I heard the distinct sound of glass shattering on his end. "Listen to me very carefully, Lyra," Julian hissed, his voice trembling with a terrifying mixture of awe and pure dread. "You are carrying a miracle that has not occurred in over a thousand years. The Royal Bloodline of the Valerius—the Vampire Kings—was thought to be sterile for an eternity, a curse from the heavens to prevent their kind from ruling the earth forever."
"A King?" I gasped, clutching my stomach as a sharp, powerful kick—stronger than any human infant could ever manage—jolted through my core.
"If what you say is true, you are now the most precious and the most hunted creature on this planet. Do not go back to the hospitals. Do not trust the authorities. To them, you are not a woman; you are a specimen. They will dissect you to understand the secret of immortal procreation."
"What do I do?" I cried, tears finally stinging my eyes.
"Run. Hide. And whatever you do, do not let him find you yet. If the father is who I think he is—Alaric Valerius—his enemies will burn entire cities to the ground just to find his heirs."
"But Julian... he’s already here," I whispered, my gaze drifting to the window. Down in the street, under the flickering yellow glow of a dying streetlamp, stood the tall figure in the long black coat. He didn't move. He didn't blink.
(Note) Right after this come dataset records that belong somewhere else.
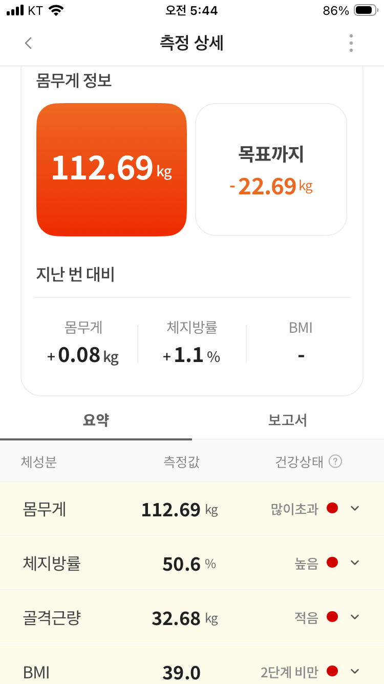 오늘자 체중 : 112.68kg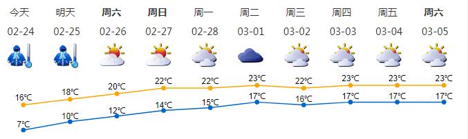 ●2月24日多云间晴天,早晚寒冷;气温7-16℃;北风3级,沿海、高地和海区阵风6级;相对湿度60%-95%。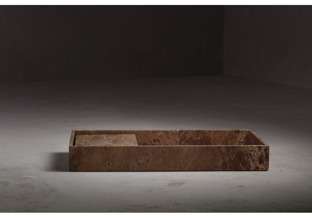 Empire von Christophe Pillet für Kreoo entworfen ist ein viereckiges Waschbecken ganz aus Marmor mit einer Ablage für Accessoires und einem versteckten Abfluss. Empire ist in verschiedenen Ausführungen erhältlich.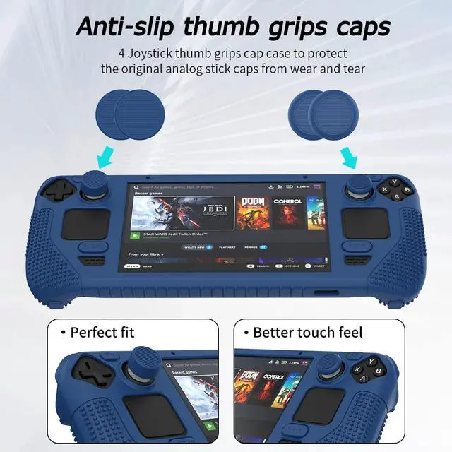 Compatible with Steam Deck/Steam Deck OLEDSteam Deck upgraded standing protective case and thumb grips are moulded according to the real machine. The cover compatible with Valve Steam Deck/Steam Deck OLED. But the OLED version will block the screen a little bit. Precise cutouts fit all buttons and ports on Steam deck. The rear opening is a new design with more beautiful image, which is conducive to better heat dissipation. Steam deck is not included.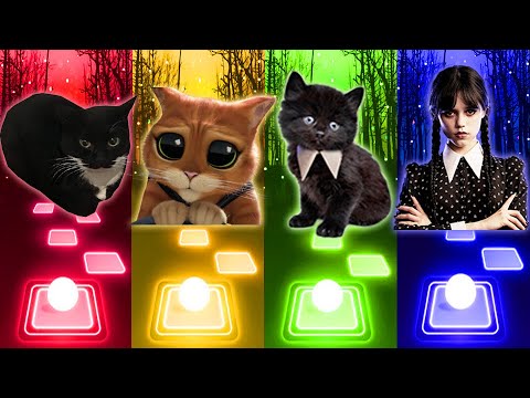 Maxwell Cat vs Puss in Boots vs Cute Cat vs Wednesday Addams - OMG Tiles Hop EDM Rush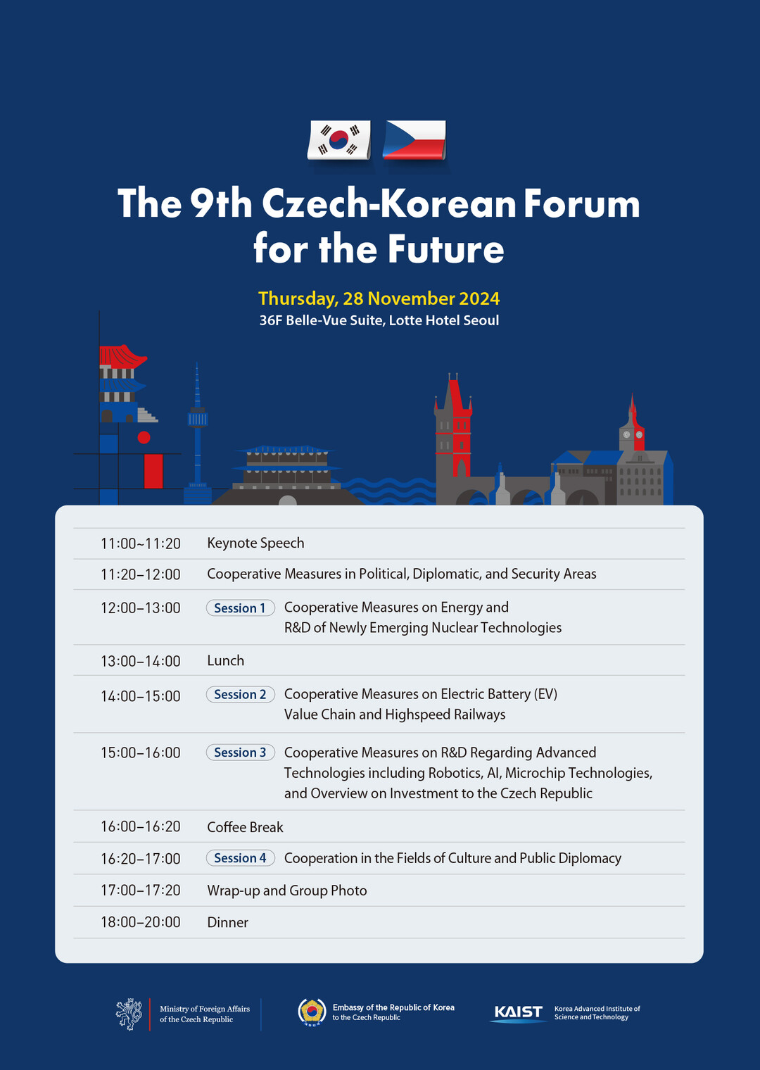 KAIST 김경수 대외부총장은 “KAIST는 한국 외교부와 민간, 그리고 주체코한국 대사관의 지원을 기반으로 올해 2024년부터 사무국을 담당하여 본 포럼을 주관하고 있다. 우수한 과학기술 역량을 바탕으로 한-체코 양국 간 글로벌 연구개발 협력과 교류 증진에 지원을 아끼지 않을 예정”이라고 말했다.
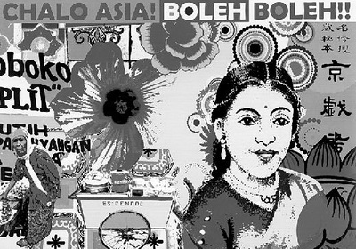經濟觀察報 特約作者 葉睿童 KetnaPate,l968年生于烏干達,曾經在倫敦和巴爾的摩做建筑師,她在新加坡生活了15年,并在這里開始了她的藝術生涯,呈現在眼前的AsiaPop(亞洲波普)系列作品正是她對于生活的這座城市的觀察和表達,她的這一系列拼貼畫聚焦于流行文化、日常生活和多人種混居的城市景觀,在她的作品中,英文、漢字、電視肥皂劇、寶萊塢的印度演員、華人功夫明星混雜共生,色彩絢麗俗艷。作為2008年新加坡藝術博覽會的參展單位中唯一的藝術家工作室,KetnaPate咖喱一般辛辣的畫面色彩再現了本地多人種共生的流行文化。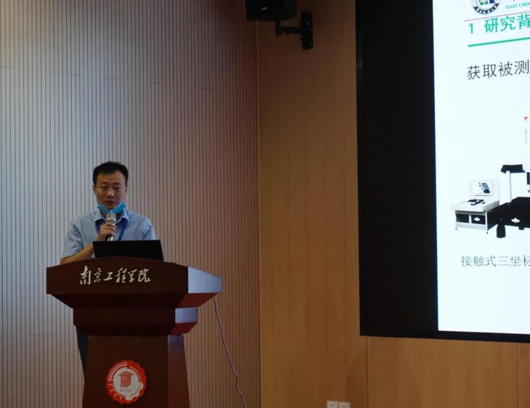 在研究生报告环节,9名优秀研究生分别做出了精彩的线上和线下报告。来自南京理工大学的朱文彬博士研究生,线下做了题为“基于图像拓扑分析的立体视差图道路目标检测”的报告;来自合肥工业大学的硕士研究生胡寅和李晨同学,由于疫情原因分别线上做了题为“散斑干涉相位图像滤波去噪算法研究”和“微视场散斑干涉复用测量系统”的报告;来自郑州轻工业大学的硕士研究生王瑞和杨犇同学,线下做了题为“棉花加工异性纤维智能识别分类检测技术的研究”和“复杂环境下基于新型线结构光标定的精密测量研究”的报告;来自深圳大学的硕士研究生朱文轩同学,线下做了题为“多毛刺高光谱数据下鹰嘴蜜桃含水率的估计方法”的报告;来自河海大学的博士研究生申旭同学,线下做了题为“超高精度形变摄影测量网形设计理论研究与应用”的报告;来自安徽工业大学的硕士研究生刘林和陆凡凡同学分别线下做了题为“超高精度形变摄影测量网形设计理论研究与应用”和“基于改进EfficientNet网络的长尾夹缺陷检测”的报告。与会专家们在听取报告并提问后,对这9名硕士研究生的报告进行了排名,并由视觉检测专委会副主任委员刘国栋教授宣读了评选结果。

He just stared up at my window with those void-like eyes. "He’s been there every night, watching me."
"Then God help us all," Julian whispered before the line went dead with a haunting dial tone.
I dropped the phone, the plastic clattering on the floor. The silence of the room was suddenly broken by a low, guttural growl. It didn't come from the street. It came from inside me. My children were hungry, and I realized then that the hunt for our lives had officially begun.